A memory clicked into place. Errol’s stomach turned, trying to flee through his legs. “Rodran doesn’t have any children, and he’s dying.”
Conger didn’t speak as he nodded.
16
THE SHAPING OF WOOD
ERROL SQUINTED against the afternoon sun as he rode with his staff across his saddle and worked a piece of dried beef with his teeth. Grub made it on the salty side, but it gave his stomach enough to keep it from complaining. He ripped off a piece and stuck the rest in a pocket before turning his attention back to his staff. Splinters jutted from the formerly smooth ends, and small cracks fissured the end grain.
Soon or late he would have to make a new one, but he didn’t know how. When Ru called a halt and directed the caravan to a clearing beside the road for the evening, Errol decided to seek out Rokha. The woman made him nervous. Her resemblance to Karma, the woman possessed by the malus in Windridge, still filled him with the desire to flee at times, but her storehouse of knowledge impressed him.

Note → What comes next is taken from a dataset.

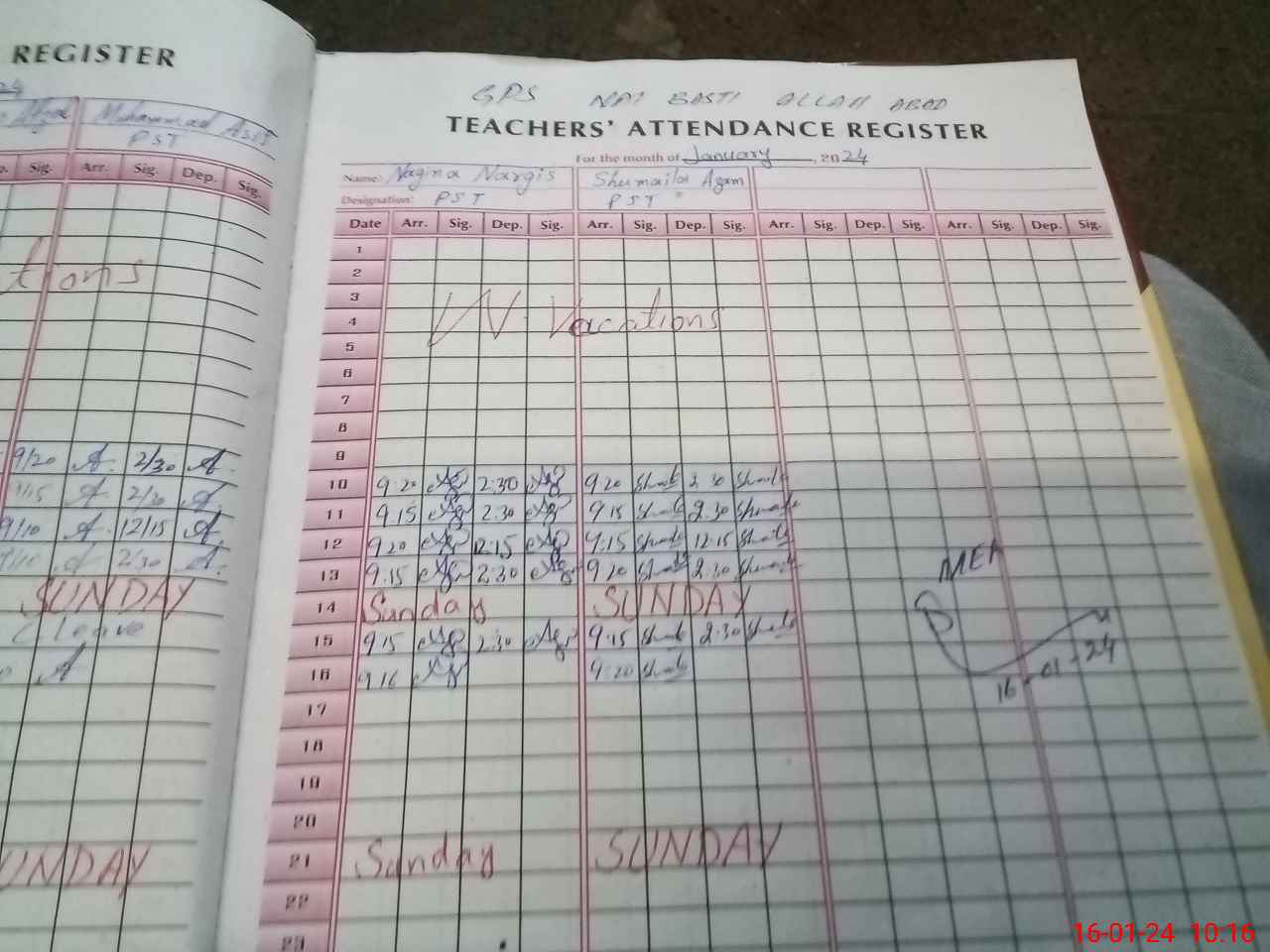 | Monitoring Date: 16-01-2024 | Start Time: 16-01-2024 09:52 AM | End Time: 16-01-2024 10:18 AM | Name of MEA: Sa**** Ah**** | |

Jhade would have seemed a more logical choice for him to ask for help, but the strange woman didn’t engage in extended conversation for any reason. She did, however, spar with an indefatigable enthusiasm that bordered on obsession. When she discovered Errol to be a willing staff partner, his every free moment became spoken for. His first lesson had proven to be quite educational. He rubbed a shoulder at the recollection. From the outset it was obvious she’d learned an entirely different way of fighting with the staff than he had. While Errol concentrated on attacking and defending with the staff, Jhade had attacked with wood, hands, and feet. He wore numerous bruises from her heels and hands.

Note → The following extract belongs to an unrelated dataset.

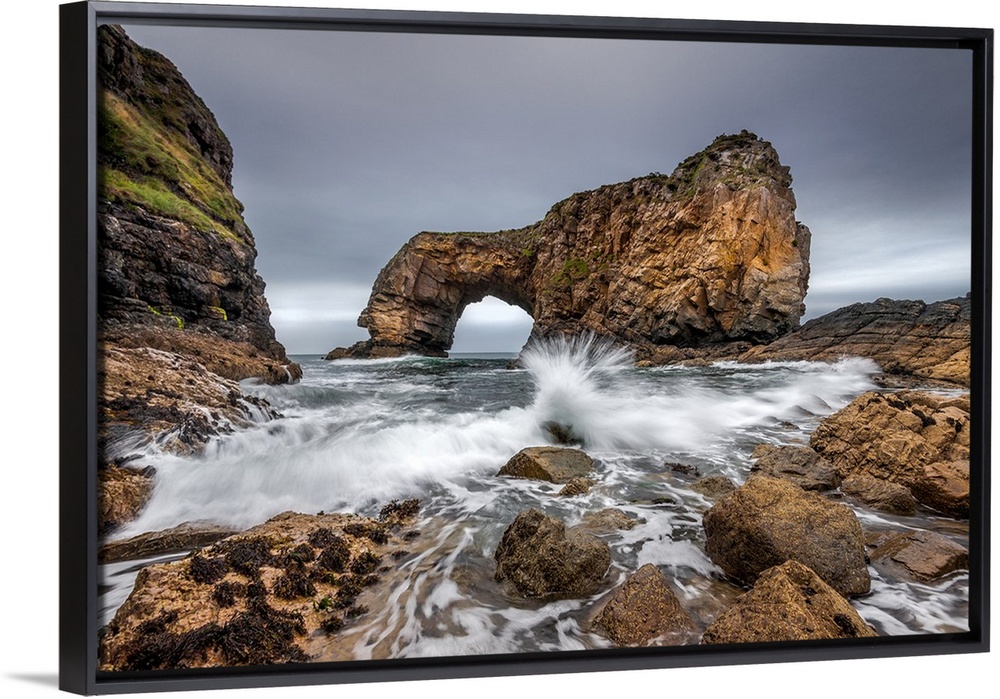 <p>Oceanwater splashing onto the rocky shores in Ireland, with a natural bridge formation in the distance.</p>

So he decided it would be best to ask Rokha for assistance. Whether the topic was weapons or weather, she either knew the answer or knew where to find it. As he approached her, he shifted, rolling his shoulders under his tunic. “Rokha.” He held his staff out for her inspection. “Do you know anything about making a staff ?”
She cocked her head and looked at him with her dark eyes that always held a hint of fire. Every now and then she would flash him a smile that pulled the breath from his lungs. Now she just shrugged.

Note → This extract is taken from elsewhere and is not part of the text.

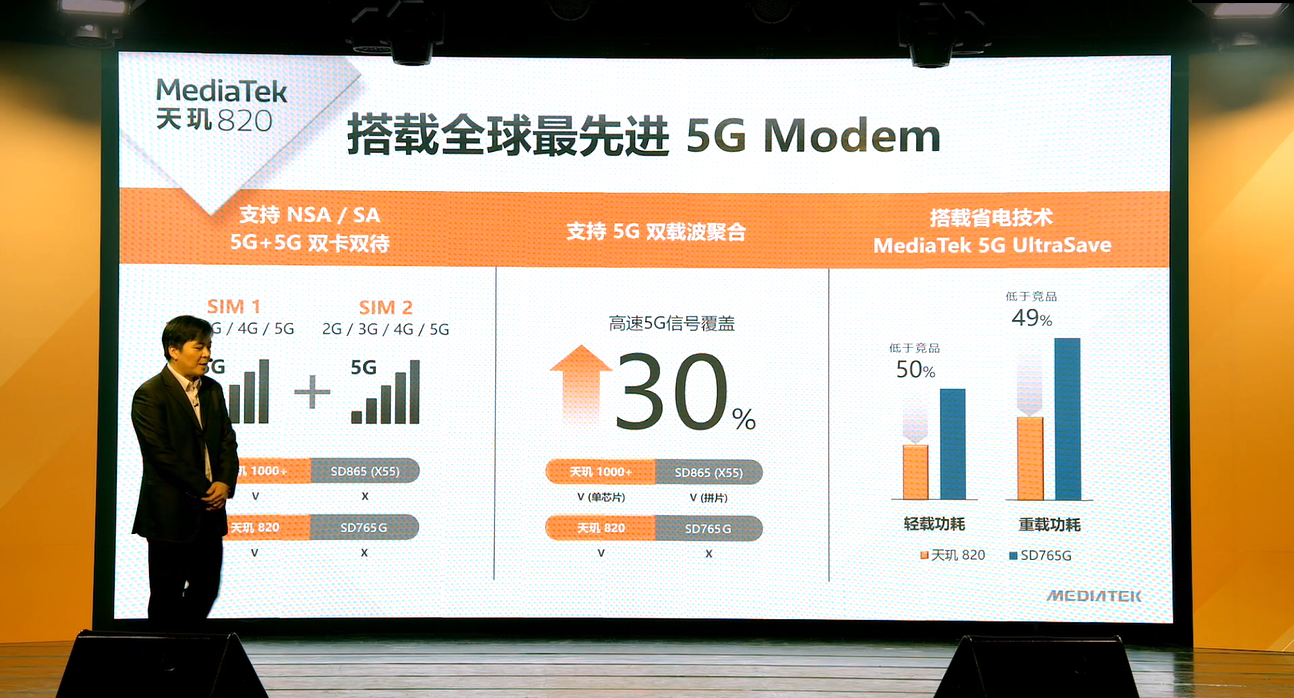 值得一提的是,针对 5G 时代手机能耗不容易控制的问题,联发科在天玑 820 身上引入了 MediaTek 5G UltraSave 省电技术,官方称借助该技术,其最多可以降低 50% 的 5G 功耗。当然,具体到每款手机上这个数字或有所区别,还是要看各家厂商具体调校。

“Shouldn’t you ask Jhade? She’s the one who fights with the staff.” Rokha patted the slim blade that never left her side. “I prefer steel myself.”
Errol shrugged. “Jhade is a great sparring partner, but she doesn’t talk much, and I need someone to teach me how to use a knife.”
Her delicately curved eyebrows rose a fraction. “You don’t know how to use a knife?”
He sighed in frustration. “Of course I know how to use a knife.” He moved his hand. “You thrust and twist to keep the wound from closing.” He let his hand fall to his side. “But I don’t know how to carve.”
“Everyone knows how to carve. What did you do with yourself growing up?”
“I drank mostly.” The admission didn’t bother him the way it once would have, and he thanked Rale in the vaults of his mind. “When I wasn’t drinking, I was hunting plants for the herbwomen around my village. They paid me and I bought ale.”
To her credit, she nodded as she gave him a look of simple acknowledgment without a trace of pity. “I wondered why you were so careful to avoid Grub’s ale barrel.”
He shrugged. “Can you teach me?”
Rokha nodded. “But I’m not going to teach you in ash or oak. It would take too long. Take an axe and find a piece of fir, or better yet, pine. I can teach you on that and then you can make a staff out of whatever you want.”
Errol’s search took him farther into the wood than he expected, and before he realized it the clamor of Ru’s caravan faded and disappeared. Cedars populated this part of the forest, with an oak or maple thrown in here and there, but he found no pine or fir. He turned from the path he’d chosen, climbing a hillock that might offer him a better vantage point.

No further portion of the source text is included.